BEGIN DATA SHOWN
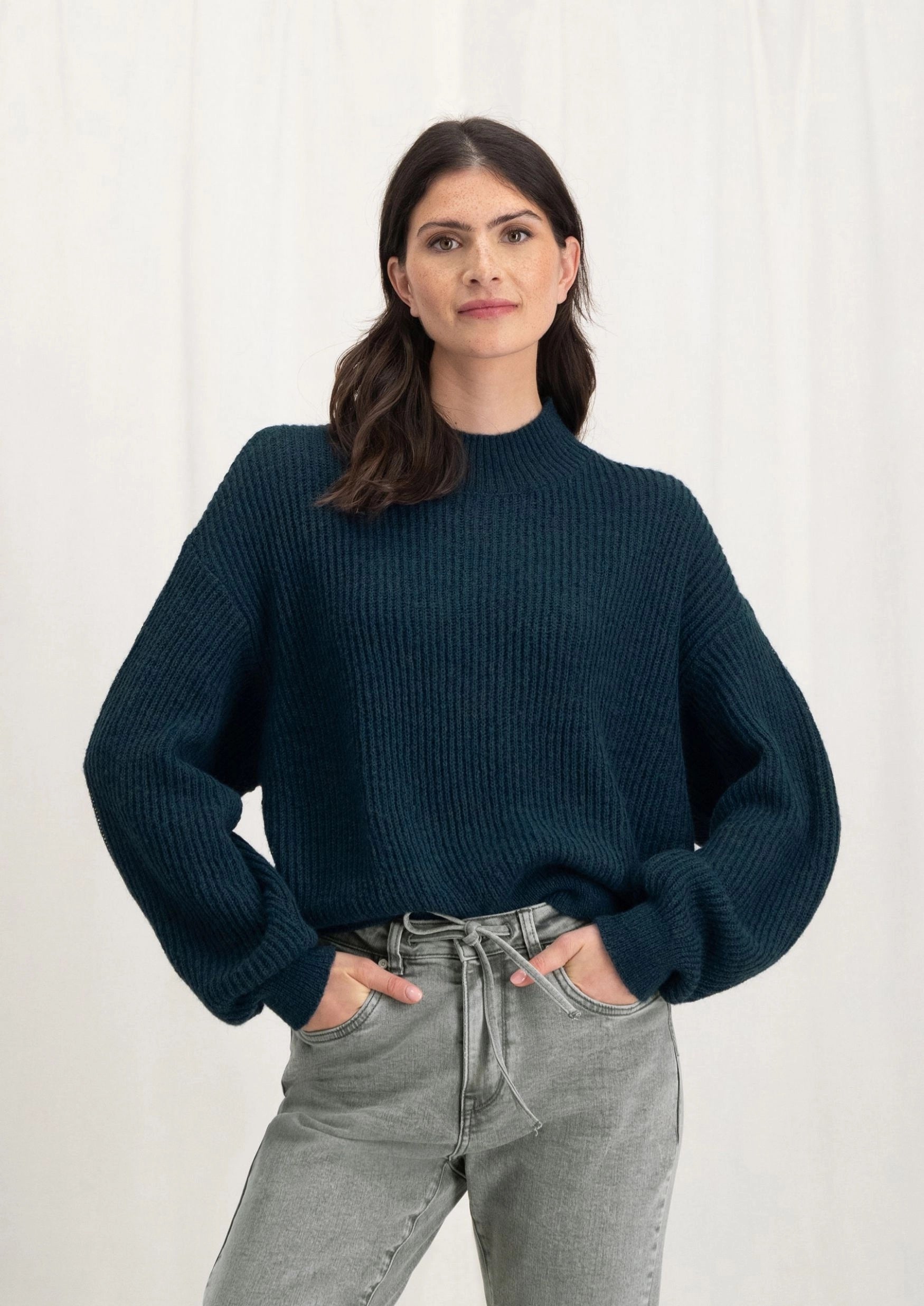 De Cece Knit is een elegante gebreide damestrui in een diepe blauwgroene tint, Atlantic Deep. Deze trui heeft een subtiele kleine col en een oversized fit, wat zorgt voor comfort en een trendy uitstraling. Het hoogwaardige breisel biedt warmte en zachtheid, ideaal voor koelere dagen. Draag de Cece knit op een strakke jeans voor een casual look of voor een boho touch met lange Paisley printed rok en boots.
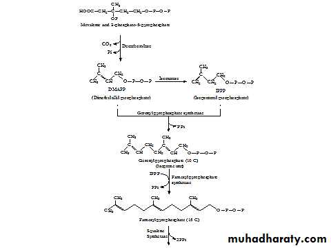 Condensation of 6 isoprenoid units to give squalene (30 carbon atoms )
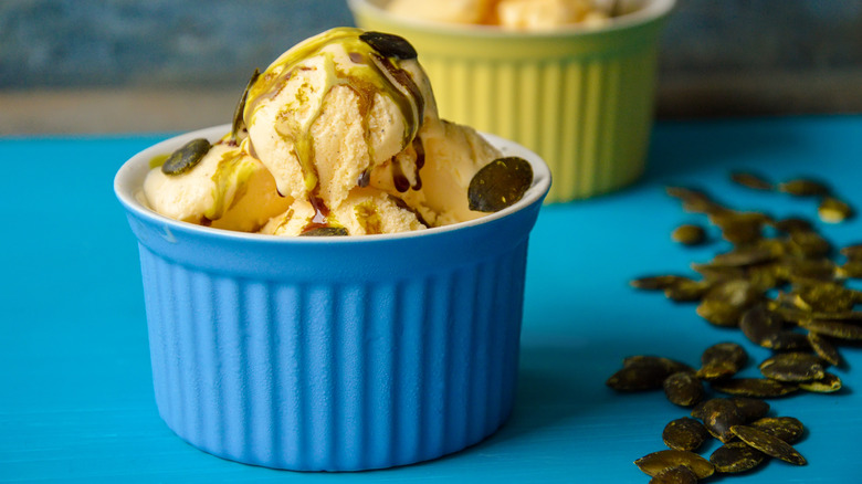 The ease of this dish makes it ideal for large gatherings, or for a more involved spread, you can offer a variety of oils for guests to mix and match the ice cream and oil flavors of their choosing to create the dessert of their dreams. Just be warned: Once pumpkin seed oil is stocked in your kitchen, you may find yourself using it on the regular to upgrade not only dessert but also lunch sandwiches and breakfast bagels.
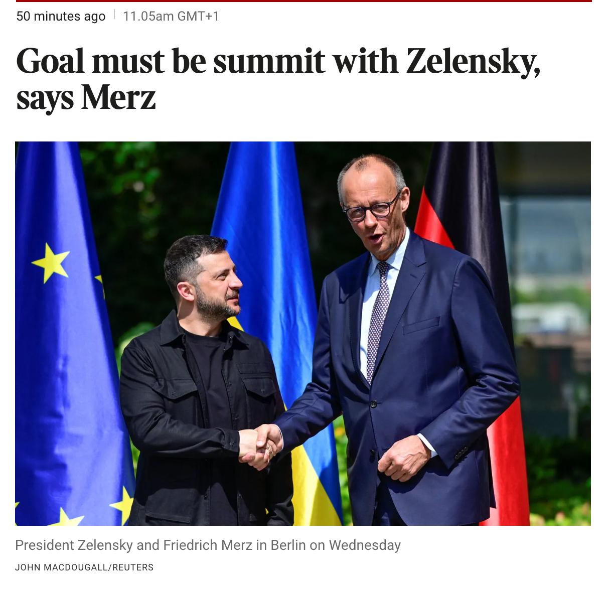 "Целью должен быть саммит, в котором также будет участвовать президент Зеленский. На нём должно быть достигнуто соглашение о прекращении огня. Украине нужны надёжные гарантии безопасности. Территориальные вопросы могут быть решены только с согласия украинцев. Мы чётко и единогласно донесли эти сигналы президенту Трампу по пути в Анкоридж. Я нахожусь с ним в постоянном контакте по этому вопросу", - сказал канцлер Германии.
END DATA SHOWN
**WORK TO COMPLETE:**
Could you copy the lines above exactly and skip the images?

**OUTPUT BELOW:**
 De Cece Knit is een elegante gebreide damestrui in een diepe blauwgroene tint, Atlantic Deep. Deze trui heeft een subtiele kleine col en een oversized fit, wat zorgt voor comfort en een trendy uitstraling. Het hoogwaardige breisel biedt warmte en zachtheid, ideaal voor koelere dagen. Draag de Cece knit op een strakke jeans voor een casual look of voor een boho touch met lange Paisley printed rok en boots.
 Condensation of 6 isoprenoid units to give squalene (30 carbon atoms )
 The ease of this dish makes it ideal for large gatherings, or for a more involved spread, you can offer a variety of oils for guests to mix and match the ice cream and oil flavors of their choosing to create the dessert of their dreams. Just be warned: Once pumpkin seed oil is stocked in your kitchen, you may find yourself using it on the regular to upgrade not only dessert but also lunch sandwiches and breakfast bagels.
 "Целью должен быть саммит, в котором также будет участвовать президент Зеленский. На нём должно быть достигнуто соглашение о прекращении огня. Украине нужны надёжные гарантии безопасности. Территориальные вопросы могут быть решены только с согласия украинцев. Мы чётко и единогласно донесли эти сигналы президенту Трампу по пути в Анкоридж. Я нахожусь с ним в постоянном контакте по этому вопросу", - сказал канцлер Германии.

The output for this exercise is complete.